#### [EXERCISE BRIEF]
Reproduce the section of the listing that begins at the line containing "Удобная, классическая, функциональная" and finishes at the line containing "基督教自由国际总裁温迪·赖特". Include both end lines and nothing beyond them.

#### [DATA FOR THIS EXERCISE]
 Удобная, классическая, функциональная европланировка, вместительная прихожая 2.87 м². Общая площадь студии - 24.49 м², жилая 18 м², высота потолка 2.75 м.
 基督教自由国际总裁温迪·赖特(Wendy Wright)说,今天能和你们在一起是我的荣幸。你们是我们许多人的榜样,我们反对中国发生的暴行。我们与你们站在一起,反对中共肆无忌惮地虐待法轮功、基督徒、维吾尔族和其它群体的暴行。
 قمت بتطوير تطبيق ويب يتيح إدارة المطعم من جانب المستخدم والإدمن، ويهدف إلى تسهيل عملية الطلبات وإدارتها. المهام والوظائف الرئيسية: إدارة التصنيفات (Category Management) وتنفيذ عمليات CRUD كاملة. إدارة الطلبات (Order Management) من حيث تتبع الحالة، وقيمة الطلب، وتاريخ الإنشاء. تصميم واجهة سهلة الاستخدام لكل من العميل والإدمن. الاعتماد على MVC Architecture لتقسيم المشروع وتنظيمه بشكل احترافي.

...

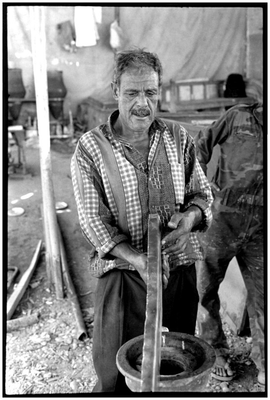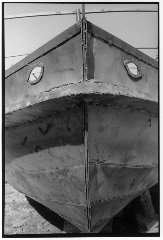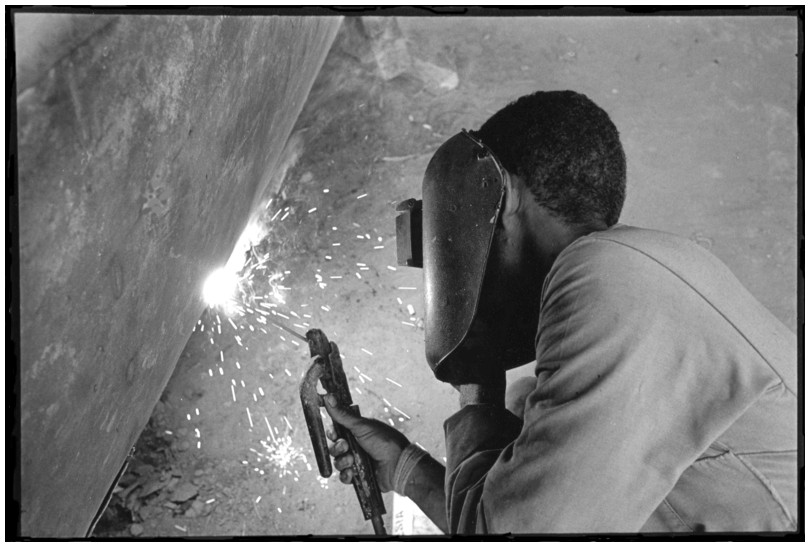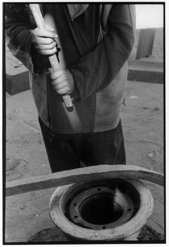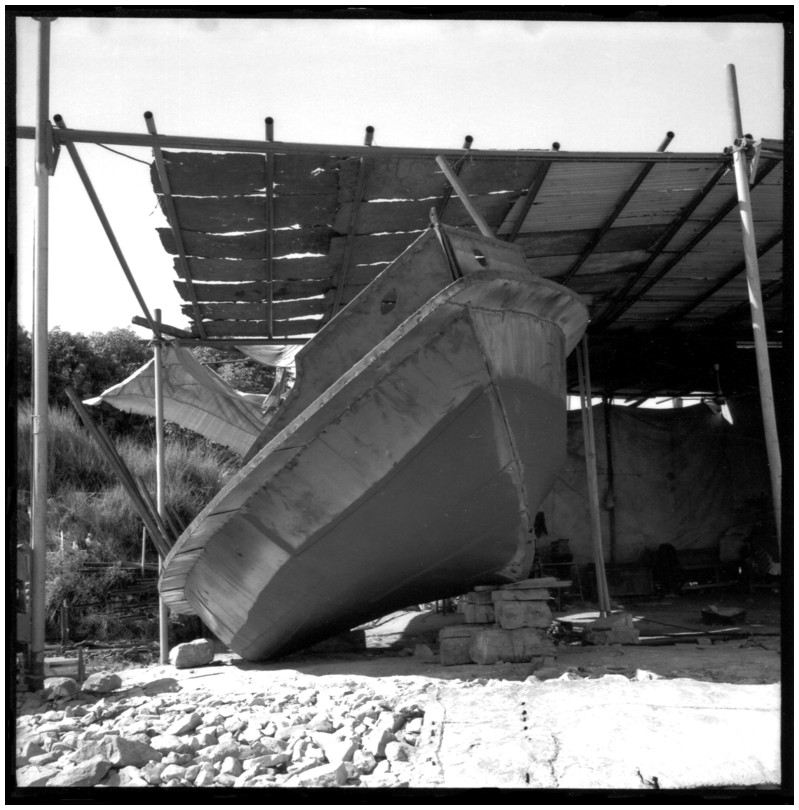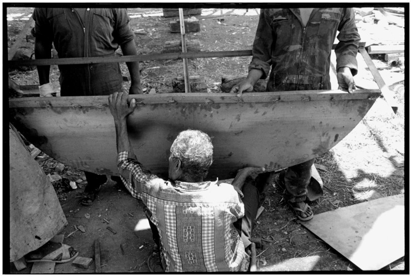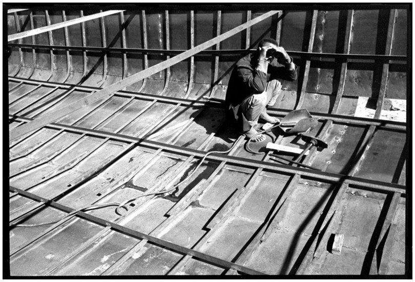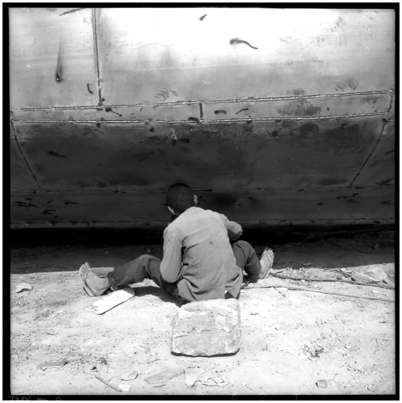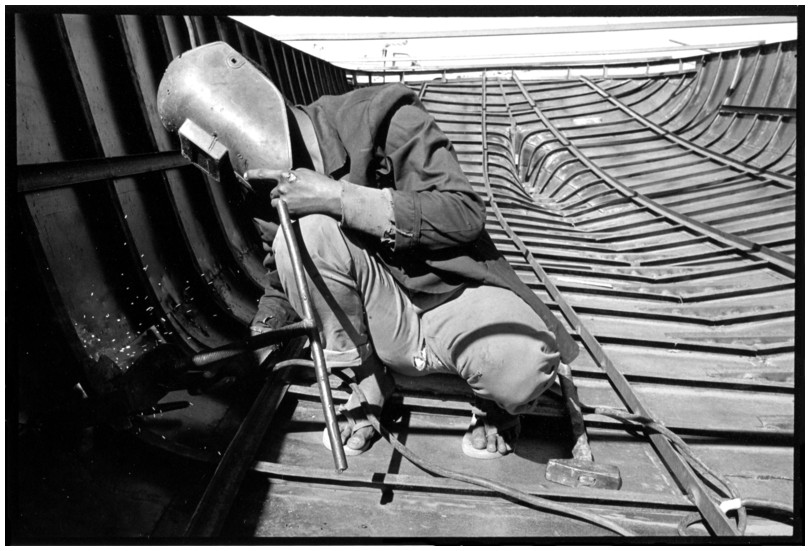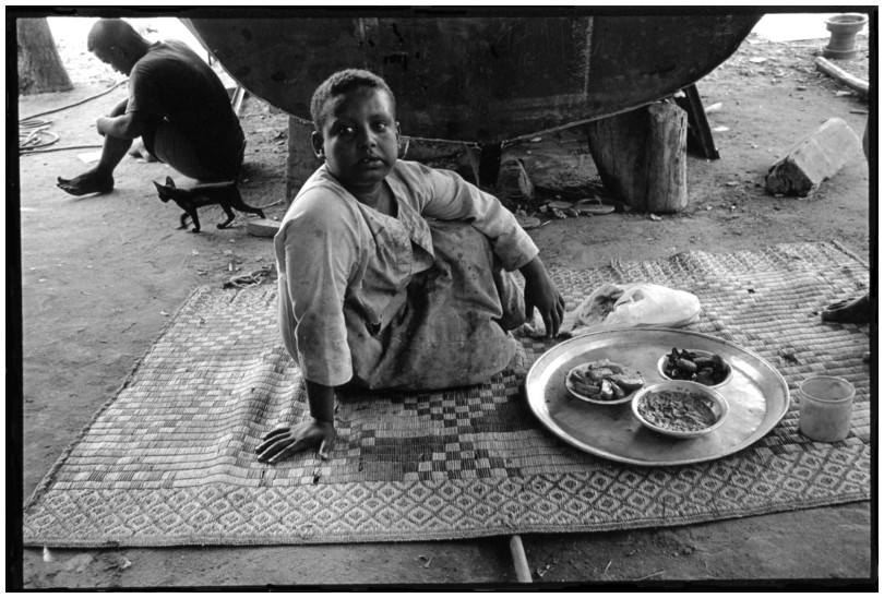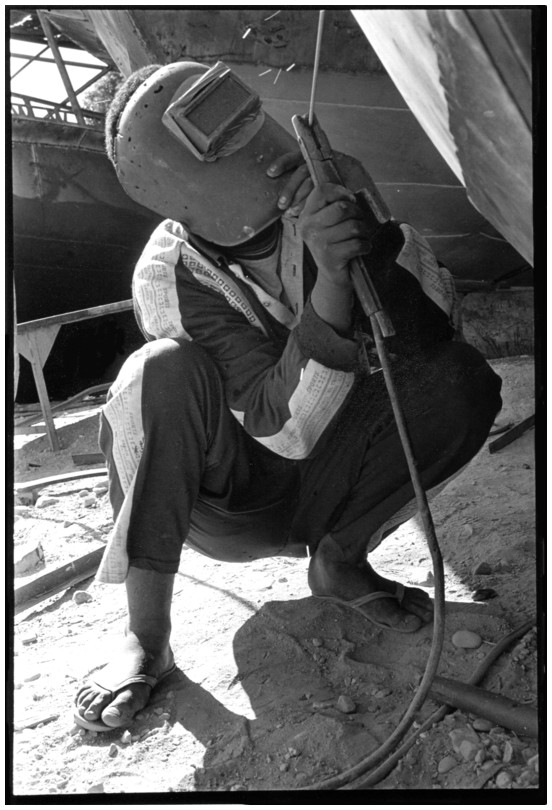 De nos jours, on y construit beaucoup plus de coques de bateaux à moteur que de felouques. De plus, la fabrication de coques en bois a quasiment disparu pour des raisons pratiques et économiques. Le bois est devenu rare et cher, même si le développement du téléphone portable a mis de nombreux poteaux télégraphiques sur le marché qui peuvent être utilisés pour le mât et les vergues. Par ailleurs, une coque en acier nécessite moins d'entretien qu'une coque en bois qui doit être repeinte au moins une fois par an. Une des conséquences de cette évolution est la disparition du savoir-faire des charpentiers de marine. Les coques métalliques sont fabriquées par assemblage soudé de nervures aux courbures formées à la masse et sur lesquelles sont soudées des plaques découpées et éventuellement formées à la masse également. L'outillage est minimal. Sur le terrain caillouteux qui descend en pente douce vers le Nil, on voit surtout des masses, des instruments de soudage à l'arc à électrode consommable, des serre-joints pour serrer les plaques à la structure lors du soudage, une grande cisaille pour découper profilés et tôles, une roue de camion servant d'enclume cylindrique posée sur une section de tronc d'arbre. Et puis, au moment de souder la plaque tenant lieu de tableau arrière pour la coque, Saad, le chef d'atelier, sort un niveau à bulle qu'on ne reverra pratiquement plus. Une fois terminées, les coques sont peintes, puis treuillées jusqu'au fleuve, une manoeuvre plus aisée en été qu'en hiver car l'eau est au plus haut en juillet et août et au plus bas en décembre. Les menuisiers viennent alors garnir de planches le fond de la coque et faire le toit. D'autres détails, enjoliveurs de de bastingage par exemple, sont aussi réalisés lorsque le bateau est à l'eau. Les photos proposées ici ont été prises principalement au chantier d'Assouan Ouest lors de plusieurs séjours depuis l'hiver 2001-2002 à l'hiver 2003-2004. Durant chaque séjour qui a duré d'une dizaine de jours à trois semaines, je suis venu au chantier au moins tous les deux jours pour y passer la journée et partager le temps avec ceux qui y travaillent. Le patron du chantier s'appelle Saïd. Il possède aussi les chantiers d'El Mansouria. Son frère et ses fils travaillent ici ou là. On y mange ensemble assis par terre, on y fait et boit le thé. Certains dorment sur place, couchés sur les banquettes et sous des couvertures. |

#### [RESPONSE TO THE TASK]
 Удобная, классическая, функциональная европланировка, вместительная прихожая 2.87 м². Общая площадь студии - 24.49 м², жилая 18 м², высота потолка 2.75 м.
 基督教自由国际总裁温迪·赖特(Wendy Wright)说,今天能和你们在一起是我的荣幸。你们是我们许多人的榜样,我们反对中国发生的暴行。我们与你们站在一起,反对中共肆无忌惮地虐待法轮功、基督徒、维吾尔族和其它群体的暴行。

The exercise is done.